46. Son expertise écarte en outre délibérément la mesure des abonnés manquants de 2007-2008, y compris après le 18 juin 2008, date de l’arrêt cité au § 5 ci-dessus, alors que non seulement la mesure des abonnements manqués est liée à la pratique infractionnelle des sociétés relevée à compter de 2007 par l’Autorité de la concurrence dans sa décision précitée de 2011 et telle qu’elle est irrévocablement retenue dans le jugement précité de 2014 qu’au surplus, M. Z ne pouvait non plus occulter la portée cumulée de ces pertes dans le taux d’attrition des abonnés des sociétés du groupe Parabole après le 18 juin
2008.
47. M. Z introduit des écarts d’effectifs d’abonnés des sociétés du groupe Parabole sur les régions de La Réunion et de l’Ile Maurice en 2004, 2005, soit antérieures à 2006, qui sont non significatifs pour déduire une tendance qui, par la méthode des moindre carrés, infléchirait la baisse tendancielle du taux de captation sur ces marchés relevés par M. Y, de surcroît en dehors de toute explication contextuelle ou exogène.

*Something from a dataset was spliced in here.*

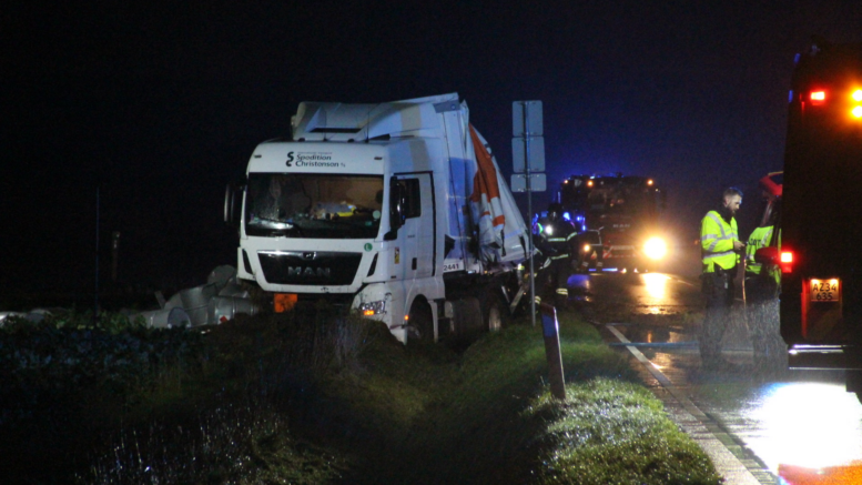 Vej spærret efter lastbil taber kemikalier: Sikkerhedsafstand på 50 meter

48. M. Z met par ailleurs en avant le bénéfice que les sociétés du Groupe Canal plus retirent de leur activité d’éditeur de programmes sans cependant confronter cette observation à celle de la fourniture des programmes premium au groupe Parabole et aux manquements continus de GCP à cette obligation jusqu’au 31 décembre 2012.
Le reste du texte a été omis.